Problem details: Transcribe all of the data exactly. Omit the pictures.
Top of Data
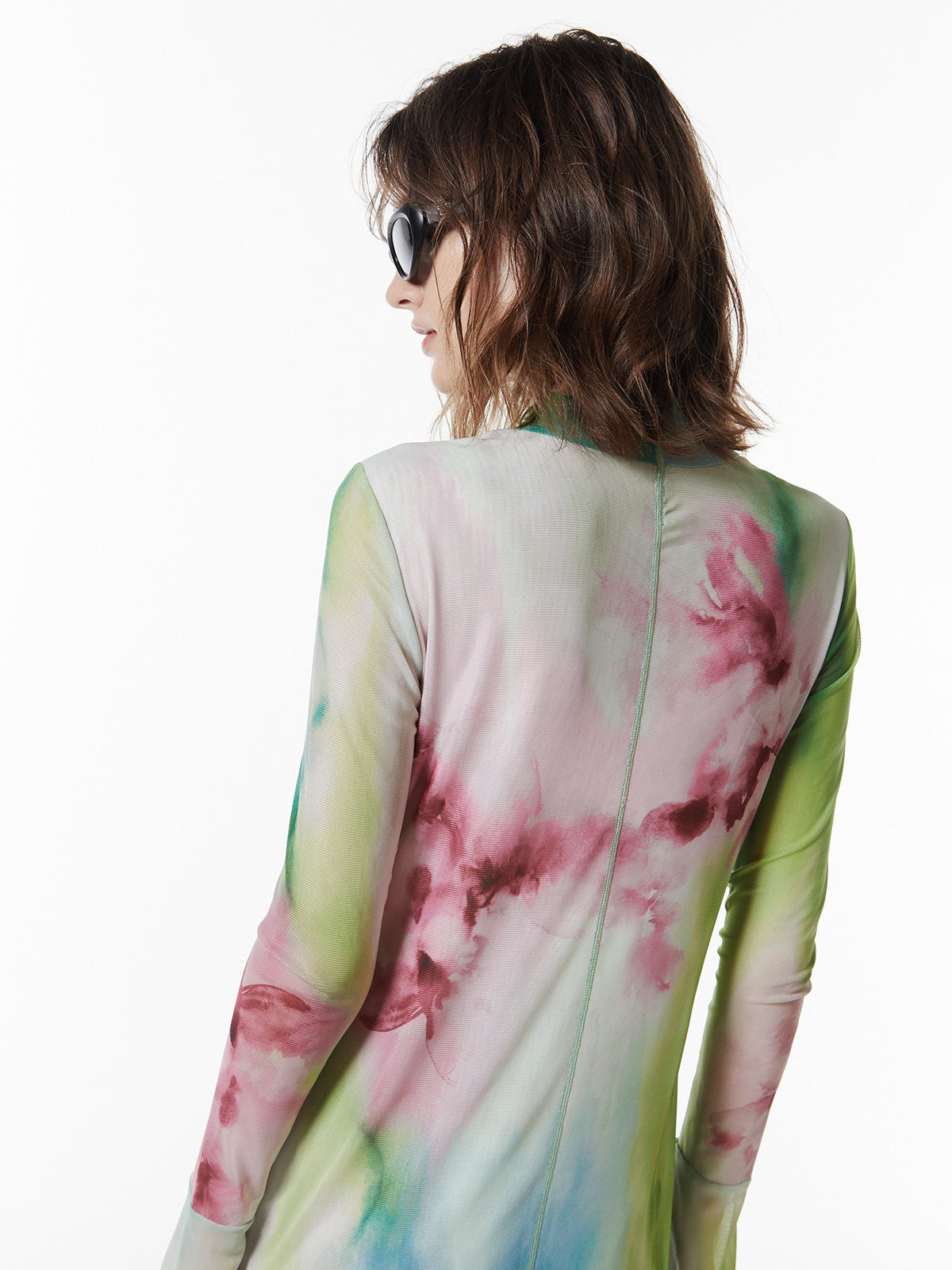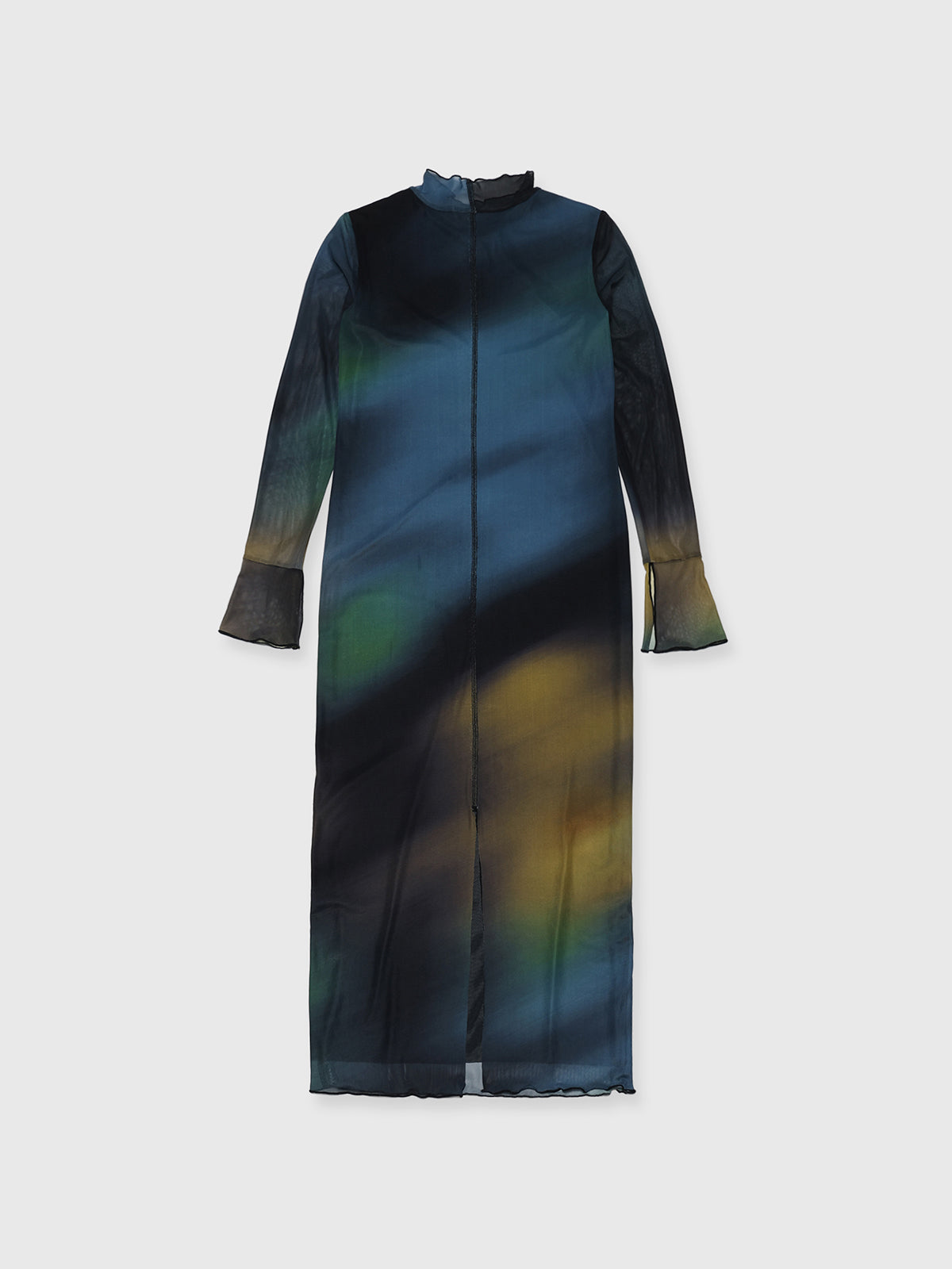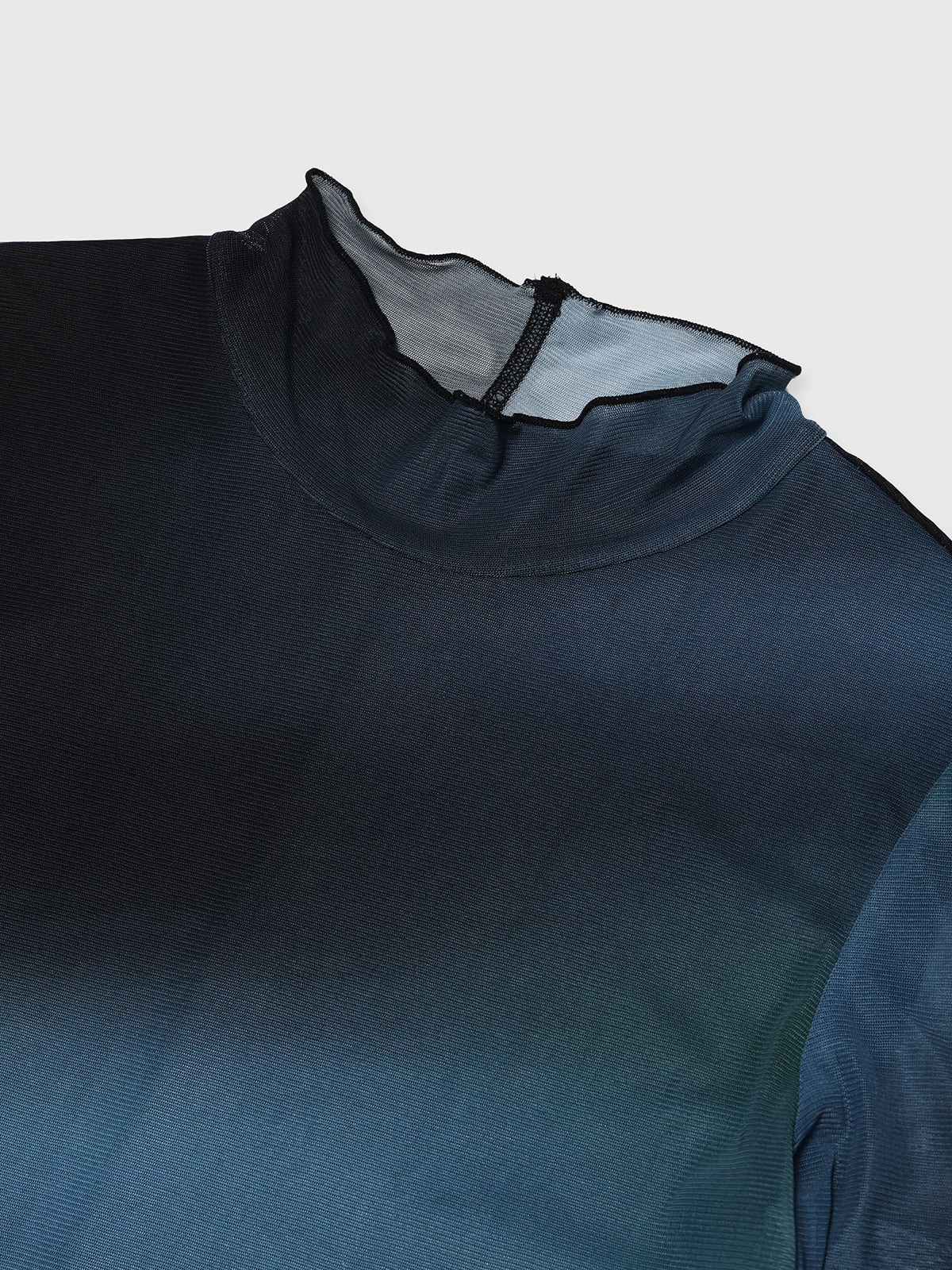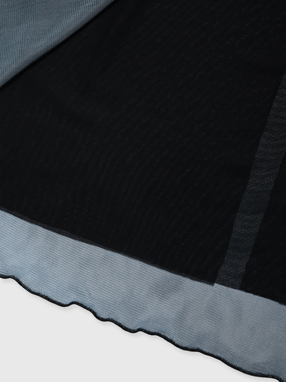 メッシュならではの繊細な透け感がスタイリングにニュアンスをプラスし、アウターのインナーとしても存在感を発揮する一枚です。
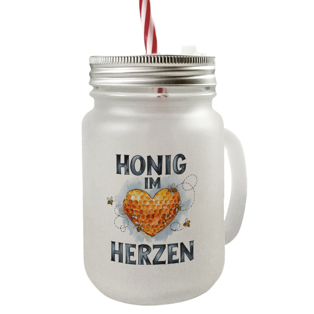 - 1x Honig im Herzen Trinkglas mit Bambusdeckel Herz Honigwaben mit Bambusdeckel oder Henkel
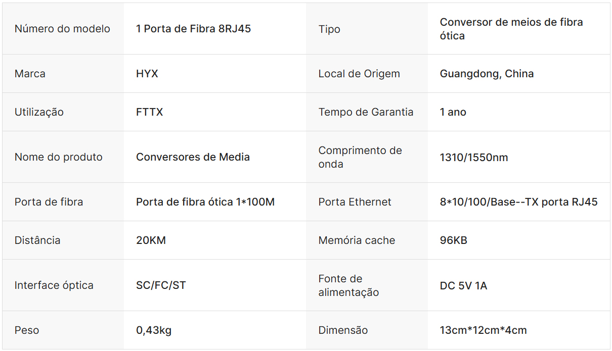 Conversor de Media Fibra 10/100Mbps 1 Fibra Óptica SC 8RJ45 Portas LAN Switch Ethernet Câmara ótica Conversor de Media
Bottom of Data
Result for this exercise:
 メッシュならではの繊細な透け感がスタイリングにニュアンスをプラスし、アウターのインナーとしても存在感を発揮する一枚です。
 - 1x Honig im Herzen Trinkglas mit Bambusdeckel Herz Honigwaben mit Bambusdeckel oder Henkel
 Conversor de Media Fibra 10/100Mbps 1 Fibra Óptica SC 8RJ45 Portas LAN Switch Ethernet Câmara ótica Conversor de Media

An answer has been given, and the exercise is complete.